Most 'purist' cichlid enthusiast frown upon the idea of hybrid cichlids because the hybrid species is neither here nor there and in many cases the hybrid produces fertile offspring.

While in the wild these two would be geographically too far apart to breed (Thus no naturally occuring hybrid of these 2 fish could ever occur or if it does it is heavily selected against by natural selection), this isn't the case in the aquarium. Basically, the idea is that hybrid off-spring could look very much like either parent and be mistaken for iether species. This hybrid fish could then be used to breed with other pure cichlid species and taint iether species. If this were to go on unchecked, we could eventually end up with cichlids that could not be identified.

The problem comes when the next guy gets sold something it is not.

I kind of reject the idea that this is like flowerhorns (or discus types or angel fish types) those are deliberate hybrids to a specific end.

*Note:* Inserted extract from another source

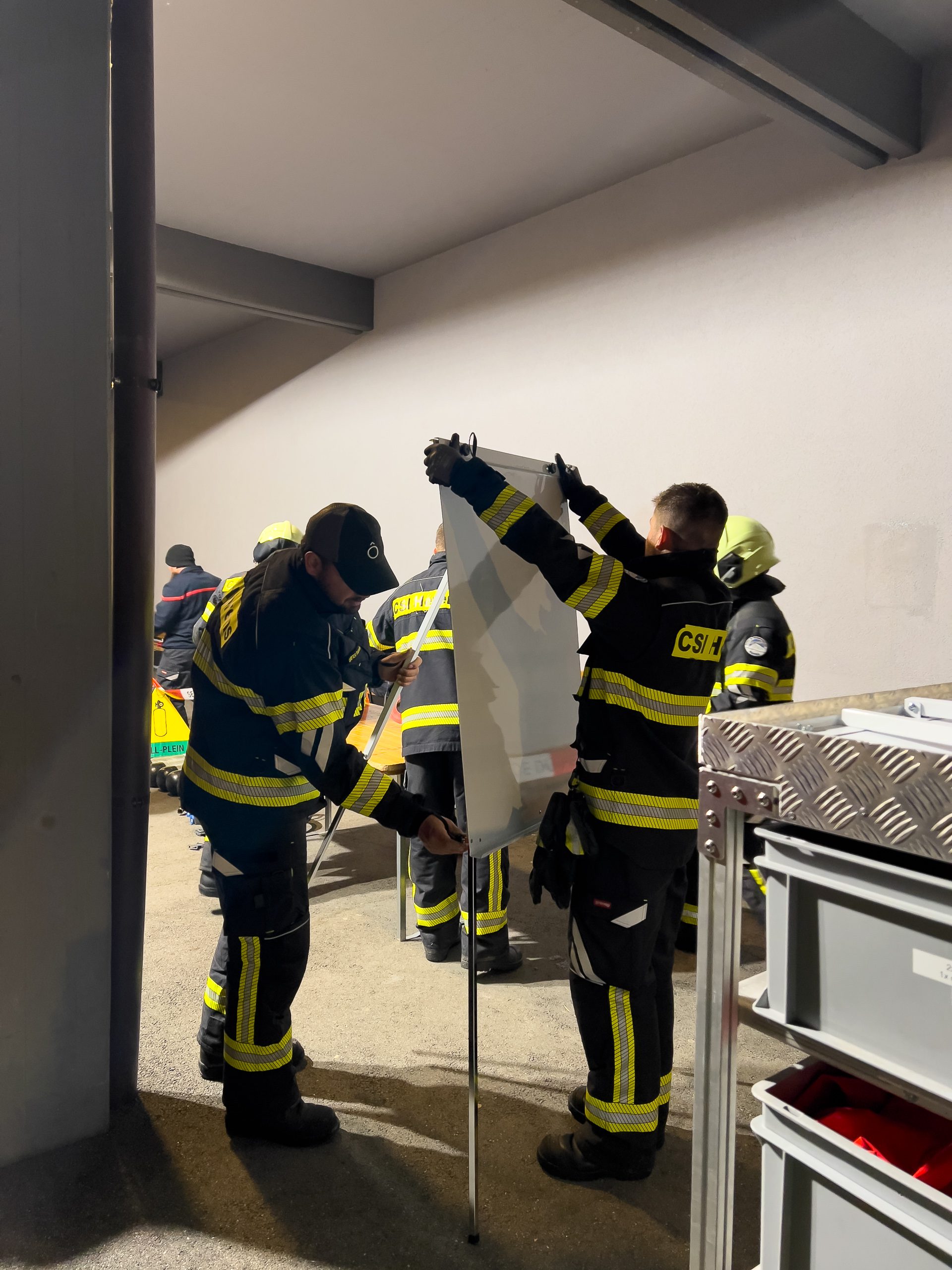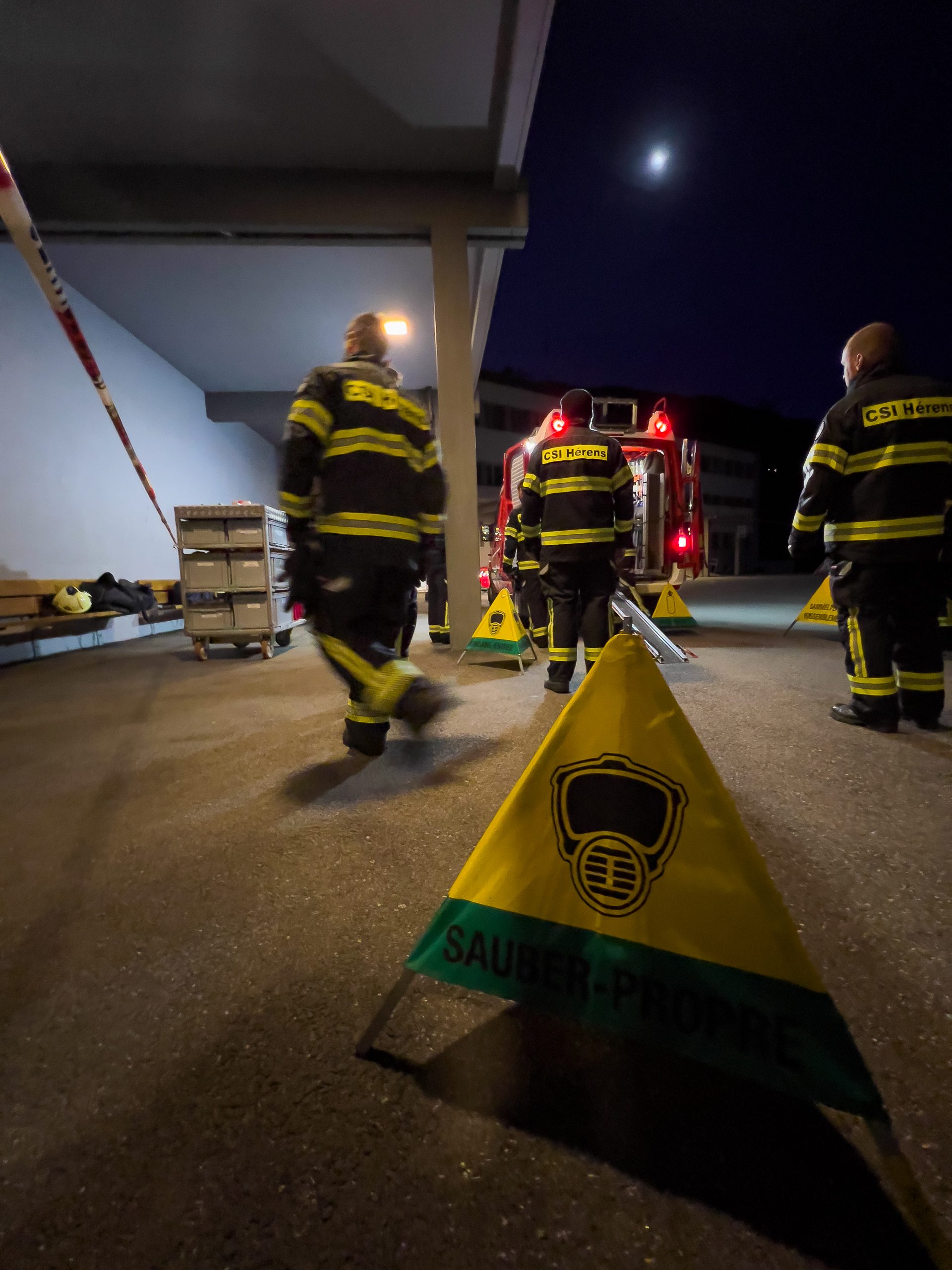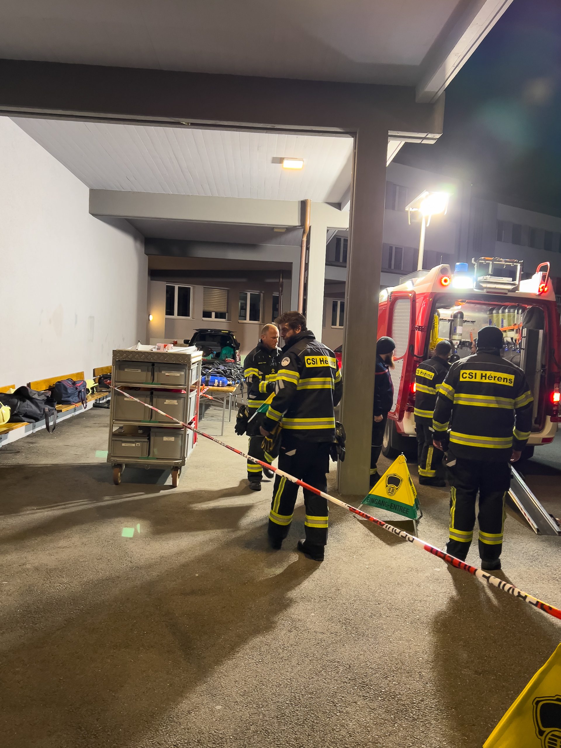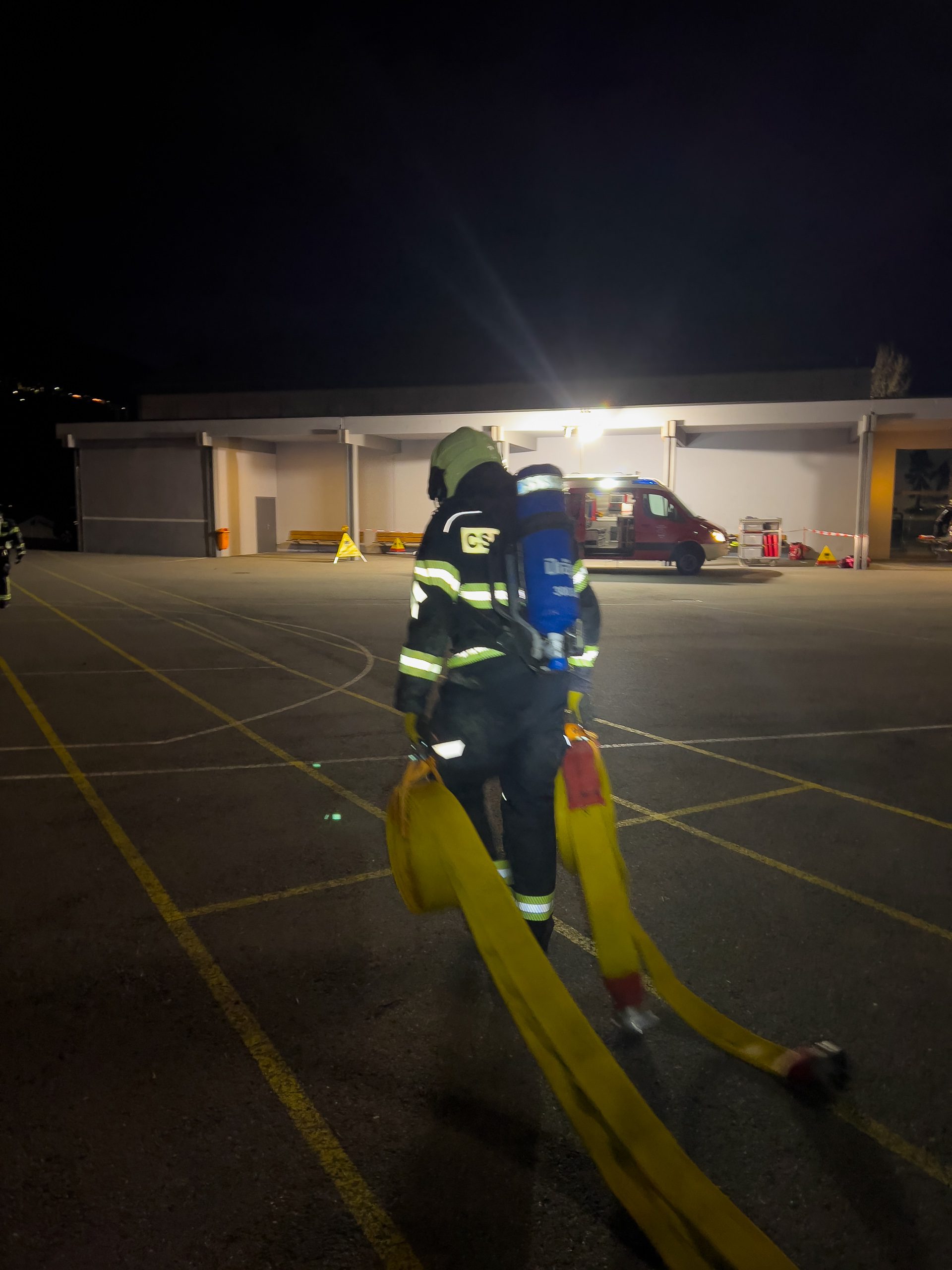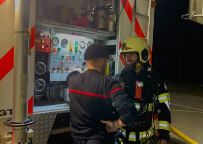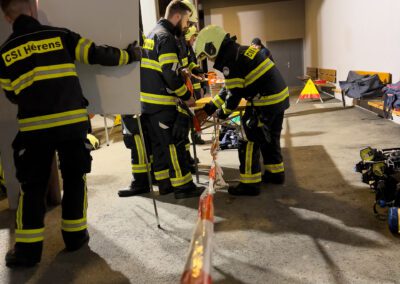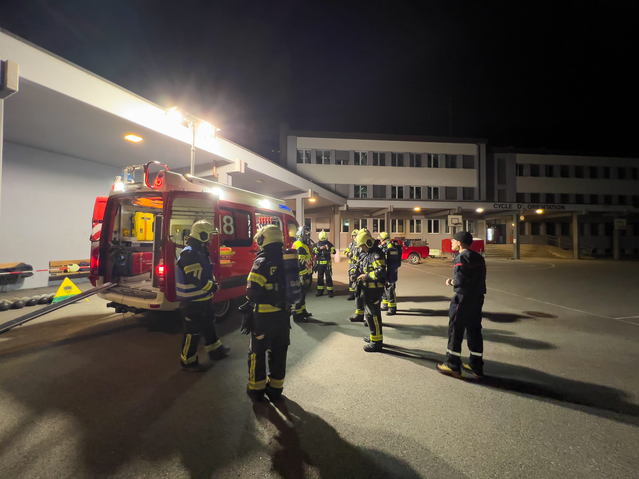 Séance de protection respiratoire réalisée au centre scolaire : reconnaissance et progression en binômes sur lignes guide, mise en place de repères, contrôle régulier des appareils respiratoires (ARI) et points de sécurité. Les équipes ont travaillé la communication radio avec le poste de conduite et la gestion des flux entre les binômes. Des mises en situation réalistes ont permis d’entraîner l’orientation, la recherche et la sortie sous faible visibilité, suivies d’un débriefing axé sécurité et bonnes pratiques et exercices de cardio et d'endurance.

That is to make what the breeders hope is a desirable new fish.

What is desirable about a fish thats nearly a brichardi and nearly a pulcher?
Less desirable than a pure guy of iether?

Both your adult fish are fine examples, your young most likely only a poor substitute for iether species that sadly if you sell em go on to produce more poor substitutes.

I could stand on both sides of the fence (that is aquarists are free do as they want) but the argument is you ruin the hobby for newcomers) but I'll leave it at that.

All the best James

PS But then I suspect you knew all that before you posted and its just you being provocative. :wink:
Well done, you for sure yanked my chain. :oops: :)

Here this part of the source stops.